Push Button Creativity
Like many of you, I’ve been to a few learning and development events over the years. It’s always interesting to me to observe the general desire for what I like to call push button creativity.
Here’s how that goes.
You’re at a conference and one of the speakers talks about this tool they discovered that allows you to do something like create animations or turn photos into cartoons or whatever. Cool right? Plus, the speaker points out that this tool is free to download.
This is also true of templates, icons, stock photography and so on. Someone else does the creative work and you download it, change a few words or colours and the pass it off as your own work.
And there you have it: push button creativity.
What is wrong with this?
While not everyone is creative (meaning that they have the skills to create something, not that they like to use lots of different colours) I think it is strange that people want to find tools that actually do creativity for them. In other words, they are outsourcing all the creative decision making and creative work to some software or another designer.
If that’s where we’re heading, will we reach the point where the head of HR (who typically hires other people to do creative work) just buys the software, presses a button themselves and all the creative work is done?
I should mention that these push button creativity tools exist in many industries, e.g. web design, app development. There is also a difference between tools that help you apply best practices consistently vs. ones that do the creative stuff for you. If push button creativity is the way that you work how valuable are you becoming to your company?
Of course the inevitable problem is that we all start using push button creativity and everything looks the same. A classic example is when a friend and I were pitching for a project and my friend pointed out that an elearning module we were asked to redesign looked identical to another totally unrelated project he had been involved in.
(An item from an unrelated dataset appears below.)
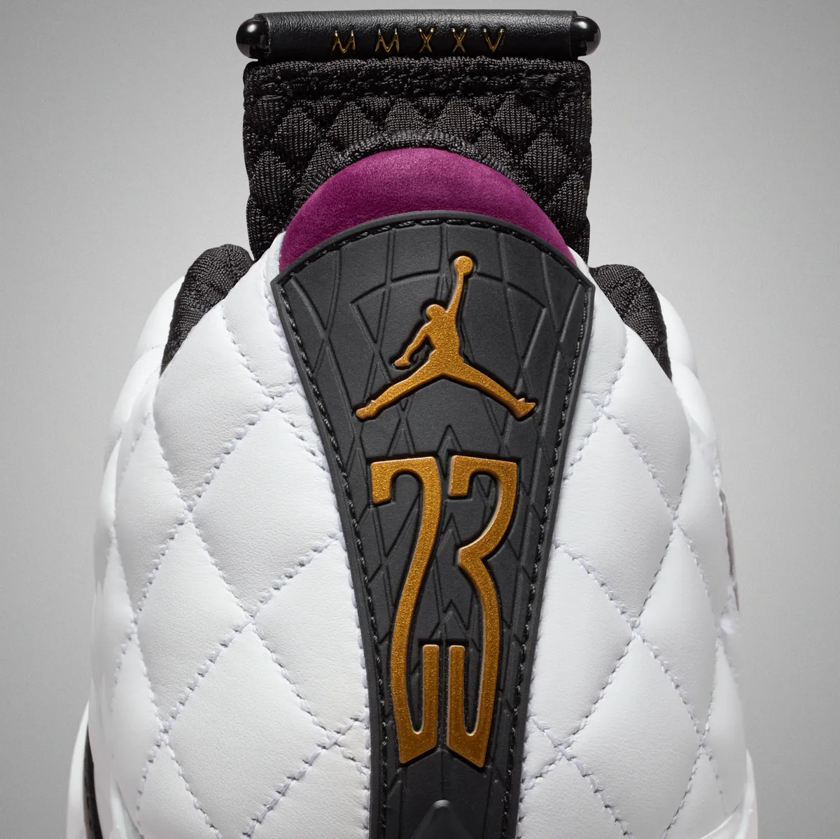 ミッドソール内部には前足部とヒールにAir Zoomユニットが組み込まれ踏み込みやスイングの際にしなやかに衝撃を散らす設計です。足入れ口周辺にはボルドーが差し込まれ黒のパーツと重なり合うことで奥行きが生まれ視線が自然とヒールへと誘導されます。ヒールに刻まれた「23」とジャンプマンの組み合わせは立体的で重厚感を帯びながらも過度にならない絶妙なバランスで配置されています。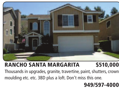 RANCHO SANTA MARGARITA $510,000 Thousands in upgrades, granite, travertine, paint, shutters, crown moulding etc. etc. 3BD plus a loft. Don’t miss this one.

It turns out there was a menu template provided in that particular software and the designers of these respective courses had used the exact same template. Is this creative work? The same problem arises with animations, icons, and stock photos.
To compound the push button creativity trend, it also seems desirable, if not expected, that such tools should be free. “Check out this free tool that turns any Word document into an animated tree frog. Plus it runs on iPads.” Yes I made that up but it’s not far from what many of us have heard from one too many conference speakers. So we’re basically saying that we want to push a button in a tool and get our creative work done for us. We also expect such a tool to cost $0. To make matters worse if push button creativity tools aren’t free, we find ways to not pay for them. So basically software piracy. Yet we charge our clients or our employers for our time and effort.
Which brings me to my main point.
It isn’t so much that some people want to be instructional / training / learning designers who find ways around doing actual design. It’s more the attitude of wanting something for nothing. It’s about putting the minimum effort (and expense) into a design task and expecting good results. Is this where we want the L and D (or any) industry to end up? I don’t think it is.
So where to from here?
You can start to change things today from the comfort of your own desk. Try these suggestions.
Start learning a new creative skill
Pay for everything
We all have different values. If you’re honest then you’re honest. The opposite is also true and that’s a personal choice. You expect to be paid for the work you do because you believe it’s valuable. The people who build software and templates and stock art believe their work is valuable too. Pay them just like you’re getting paid.
If you do use push button creativity tools make sure you acknowledge this. Either in your code comments, or a footer of a web site or somewhere. Especially to your client or your manager who is paying you to do creative work. You’re not out to get a pay cut or get fired. You’re simply being transparent about how you’re producing your work. (I don’t know for sure, but I imagine it would uncomfortable to pass off push button creativity as your own work only to have a client or manager discover this for themselves and question you about it.)